=== Available records ===
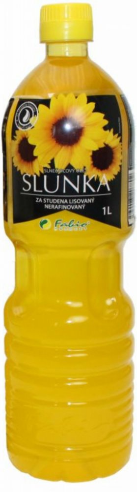 Fabio Slunečnicový olej SLUNKA za studena lisovaný 1 l (PET) Složení: slunečnicový olej Chraňte před slunečním zářením. Uchovávejte v temnu a chladu. Po otevření spotřebujte do 1 měsíce po otevření. Země původu: Česká republika Slunečnicový olej SLUNKA za studena lisovaný je jedlý jednodruhový rostlinný olej, nerafinovaný.
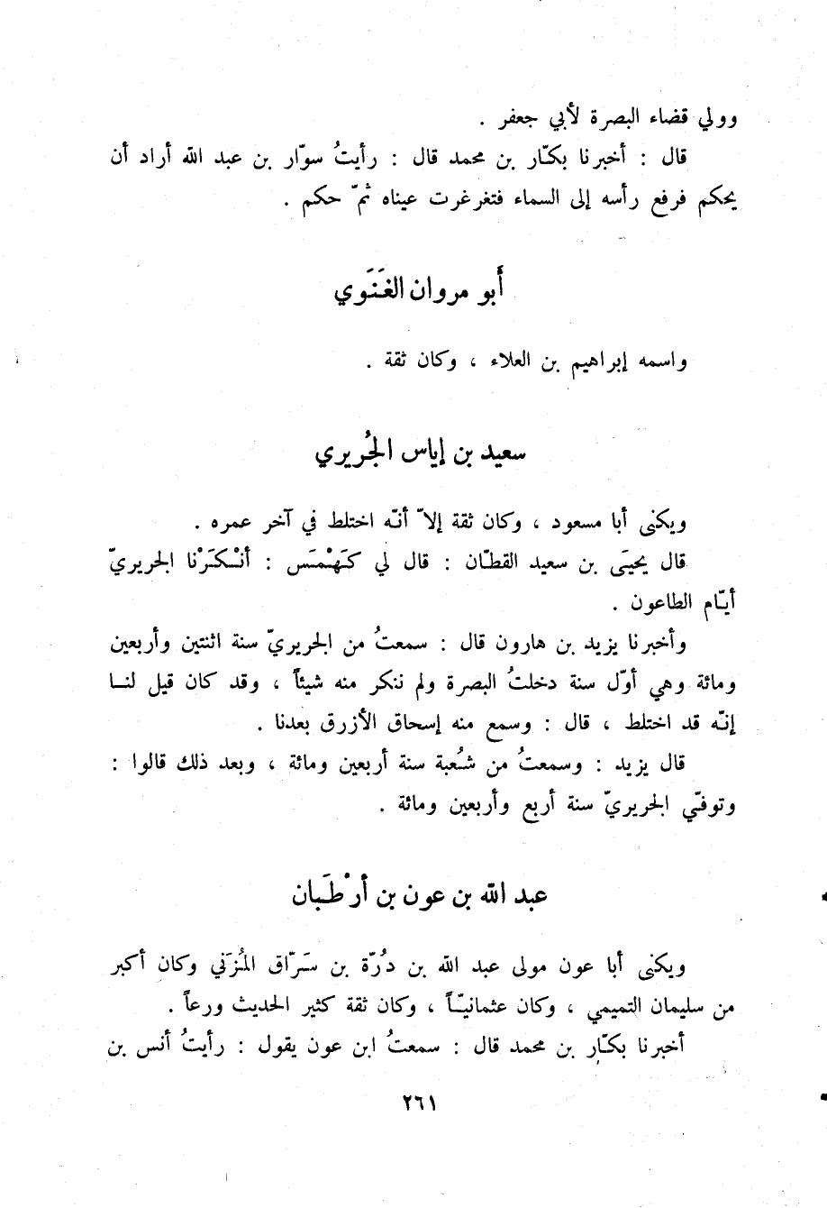 §سَعِيدُ بْنُ إِيَاسَ الْجُرَيْرِيُّ وَيُكْنَى أَبَا مَسْعُودٍ، وَكَانَ ثِقَةً، إِلَّا أَنَّهُ اخْتَلَطَ فِي آخِرِ عُمْرِهِ
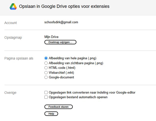 In de voorkeuren van Save to Google Drive leg je eerst een doelmap vast.
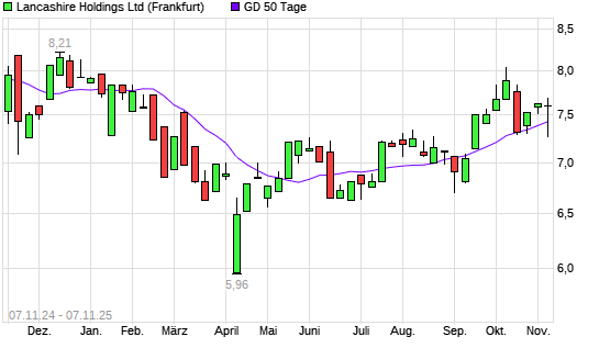Mit dem Anstieg auf 7,55 EUR hat die Lancashire Holdings-Aktie am 06.11.2025 die 50-Tage-Linie nach oben gekreuzt.
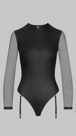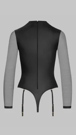 Hocherotischer Body aus sehr weicher Microfaser und Tüll von Maison Close®. Im Rücken mit einem Ton in Ton gehaltenen Reißverschluss zu öffnen. 4 verstellbare und abnehmbare Strumpfhalter mit goldfarbenen Accessoires. Eine gelungene Kreation aus Frankreich
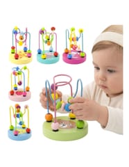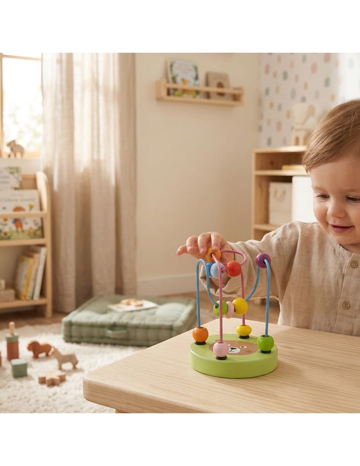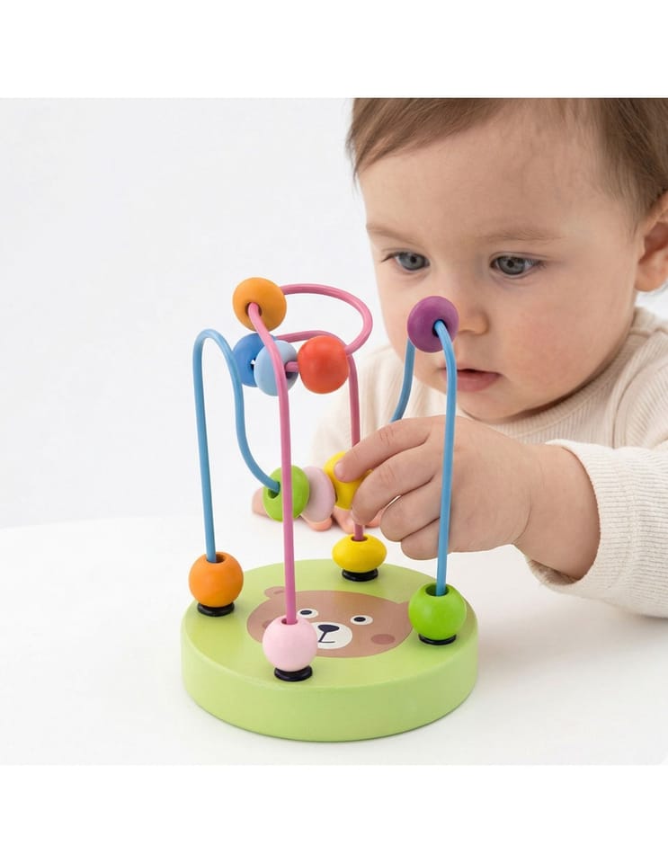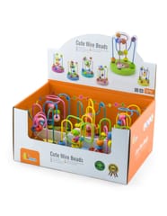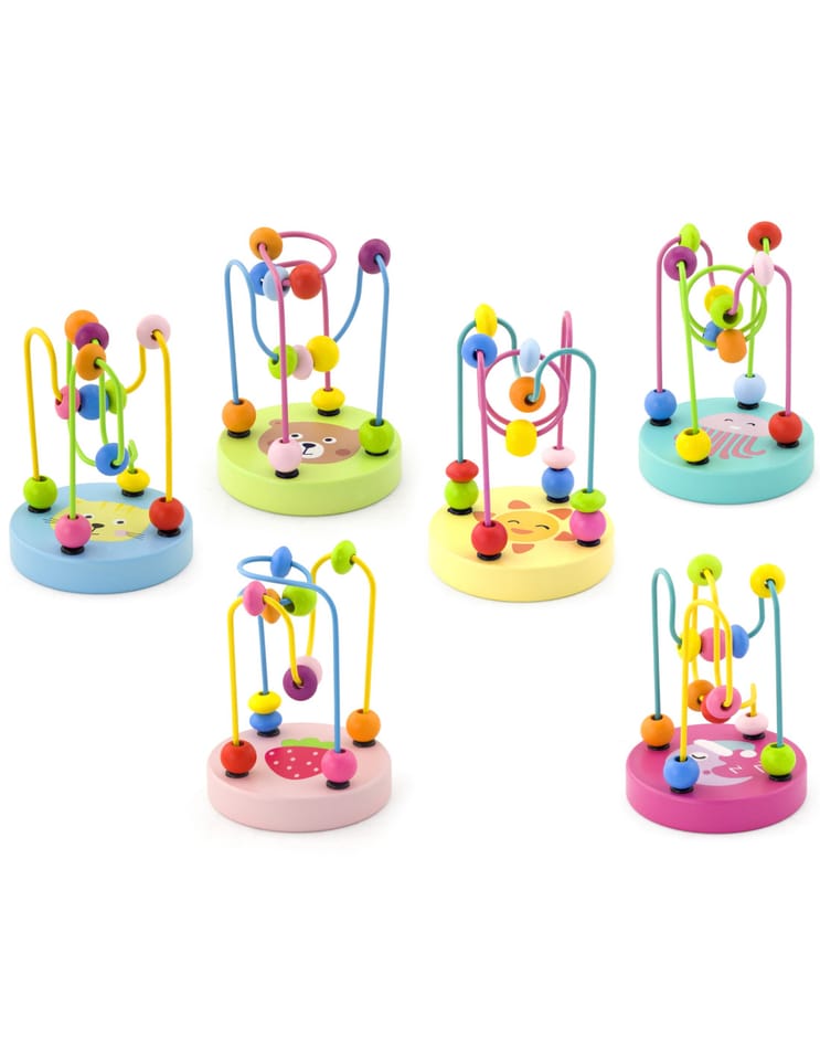 Edukacyjny mini labirynt/przeplatanka 3D od marki Viga to idealna zabawka dla maluszków.Na 2 metalowych pętlach umieszczonych jest 12 kolorowych koralików, które dziecko może przesuwać w dowolny sposób, ćwicząc przy tym precyzję ruchów palców i dłoni.Dodatkowo, na drewnianej podstawie labiryntu znajduje się jeden z 6 wizerunków, tj. kotek, miś, ośmiorniczka, słonko, księżyc i truskawka.
===
* [What the task requires]
Please write out only the material above, exactly, from its first line through the line that contains "In de voorkeuren", and include no pictures.

* [Task result]
 Fabio Slunečnicový olej SLUNKA za studena lisovaný 1 l (PET) Složení: slunečnicový olej Chraňte před slunečním zářením. Uchovávejte v temnu a chladu. Po otevření spotřebujte do 1 měsíce po otevření. Země původu: Česká republika Slunečnicový olej SLUNKA za studena lisovaný je jedlý jednodruhový rostlinný olej, nerafinovaný.
 §سَعِيدُ بْنُ إِيَاسَ الْجُرَيْرِيُّ وَيُكْنَى أَبَا مَسْعُودٍ، وَكَانَ ثِقَةً، إِلَّا أَنَّهُ اخْتَلَطَ فِي آخِرِ عُمْرِهِ
 In de voorkeuren van Save to Google Drive leg je eerst een doelmap vast.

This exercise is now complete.